▸ **INPUT MATERIAL**:

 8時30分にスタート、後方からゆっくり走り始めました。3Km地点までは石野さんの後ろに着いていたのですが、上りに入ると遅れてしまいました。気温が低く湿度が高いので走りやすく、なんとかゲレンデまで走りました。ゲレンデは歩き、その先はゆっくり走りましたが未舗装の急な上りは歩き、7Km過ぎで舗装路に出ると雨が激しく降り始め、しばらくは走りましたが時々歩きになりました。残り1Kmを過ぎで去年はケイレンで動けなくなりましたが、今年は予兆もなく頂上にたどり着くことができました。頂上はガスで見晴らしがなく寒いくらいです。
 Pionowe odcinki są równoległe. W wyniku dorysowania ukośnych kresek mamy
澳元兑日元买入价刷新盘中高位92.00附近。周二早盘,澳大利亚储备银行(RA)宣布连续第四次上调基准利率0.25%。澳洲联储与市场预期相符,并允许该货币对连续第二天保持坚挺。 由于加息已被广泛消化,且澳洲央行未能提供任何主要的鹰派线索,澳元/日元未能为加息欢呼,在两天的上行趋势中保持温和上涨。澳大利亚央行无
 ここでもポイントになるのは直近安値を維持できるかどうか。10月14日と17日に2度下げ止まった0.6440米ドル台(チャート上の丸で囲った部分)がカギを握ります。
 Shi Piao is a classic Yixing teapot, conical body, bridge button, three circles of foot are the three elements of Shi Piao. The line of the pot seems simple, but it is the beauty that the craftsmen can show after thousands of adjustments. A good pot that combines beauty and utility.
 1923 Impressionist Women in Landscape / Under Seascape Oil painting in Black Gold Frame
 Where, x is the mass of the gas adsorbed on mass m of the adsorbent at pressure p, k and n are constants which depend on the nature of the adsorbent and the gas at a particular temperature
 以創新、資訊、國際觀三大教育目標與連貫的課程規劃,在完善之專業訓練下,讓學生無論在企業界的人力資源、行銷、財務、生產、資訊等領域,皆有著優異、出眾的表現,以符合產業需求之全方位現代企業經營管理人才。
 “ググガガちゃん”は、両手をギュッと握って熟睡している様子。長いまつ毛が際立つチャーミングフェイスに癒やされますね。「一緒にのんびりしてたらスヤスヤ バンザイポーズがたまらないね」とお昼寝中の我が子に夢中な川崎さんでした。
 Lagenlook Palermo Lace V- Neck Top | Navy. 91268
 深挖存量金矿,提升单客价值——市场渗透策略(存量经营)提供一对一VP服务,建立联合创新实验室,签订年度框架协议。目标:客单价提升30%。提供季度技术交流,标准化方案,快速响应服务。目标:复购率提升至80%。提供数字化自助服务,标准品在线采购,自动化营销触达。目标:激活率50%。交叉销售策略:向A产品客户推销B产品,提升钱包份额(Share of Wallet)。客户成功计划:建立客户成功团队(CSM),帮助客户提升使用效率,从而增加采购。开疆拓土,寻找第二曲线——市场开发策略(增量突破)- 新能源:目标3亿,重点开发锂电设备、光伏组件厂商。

▸ **EXERCISE DESCRIPTION**: When the material above has been read, copy all of it exactly.

▸ **ANSWER BOX**:
 8時30分にスタート、後方からゆっくり走り始めました。3Km地点までは石野さんの後ろに着いていたのですが、上りに入ると遅れてしまいました。気温が低く湿度が高いので走りやすく、なんとかゲレンデまで走りました。ゲレンデは歩き、その先はゆっくり走りましたが未舗装の急な上りは歩き、7Km過ぎで舗装路に出ると雨が激しく降り始め、しばらくは走りましたが時々歩きになりました。残り1Kmを過ぎで去年はケイレンで動けなくなりましたが、今年は予兆もなく頂上にたどり着くことができました。頂上はガスで見晴らしがなく寒いくらいです。
 Pionowe odcinki są równoległe. W wyniku dorysowania ukośnych kresek mamy
澳元兑日元买入价刷新盘中高位92.00附近。周二早盘,澳大利亚储备银行(RA)宣布连续第四次上调基准利率0.25%。澳洲联储与市场预期相符,并允许该货币对连续第二天保持坚挺。 由于加息已被广泛消化,且澳洲央行未能提供任何主要的鹰派线索,澳元/日元未能为加息欢呼,在两天的上行趋势中保持温和上涨。澳大利亚央行无
 ここでもポイントになるのは直近安値を維持できるかどうか。10月14日と17日に2度下げ止まった0.6440米ドル台(チャート上の丸で囲った部分)がカギを握ります。
 Shi Piao is a classic Yixing teapot, conical body, bridge button, three circles of foot are the three elements of Shi Piao. The line of the pot seems simple, but it is the beauty that the craftsmen can show after thousands of adjustments. A good pot that combines beauty and utility.
 1923 Impressionist Women in Landscape / Under Seascape Oil painting in Black Gold Frame
 Where, x is the mass of the gas adsorbed on mass m of the adsorbent at pressure p, k and n are constants which depend on the nature of the adsorbent and the gas at a particular temperature
 以創新、資訊、國際觀三大教育目標與連貫的課程規劃,在完善之專業訓練下,讓學生無論在企業界的人力資源、行銷、財務、生產、資訊等領域,皆有著優異、出眾的表現,以符合產業需求之全方位現代企業經營管理人才。
 “ググガガちゃん”は、両手をギュッと握って熟睡している様子。長いまつ毛が際立つチャーミングフェイスに癒やされますね。「一緒にのんびりしてたらスヤスヤ バンザイポーズがたまらないね」とお昼寝中の我が子に夢中な川崎さんでした。
 Lagenlook Palermo Lace V- Neck Top | Navy. 91268
 深挖存量金矿,提升单客价值——市场渗透策略(存量经营)提供一对一VP服务,建立联合创新实验室,签订年度框架协议。目标:客单价提升30%。提供季度技术交流,标准化方案,快速响应服务。目标:复购率提升至80%。提供数字化自助服务,标准品在线采购,自动化营销触达。目标:激活率50%。交叉销售策略:向A产品客户推销B产品,提升钱包份额(Share of Wallet)。客户成功计划:建立客户成功团队(CSM),帮助客户提升使用效率,从而增加采购。开疆拓土,寻找第二曲线——市场开发策略(增量突破)- 新能源:目标3亿,重点开发锂电设备、光伏组件厂商。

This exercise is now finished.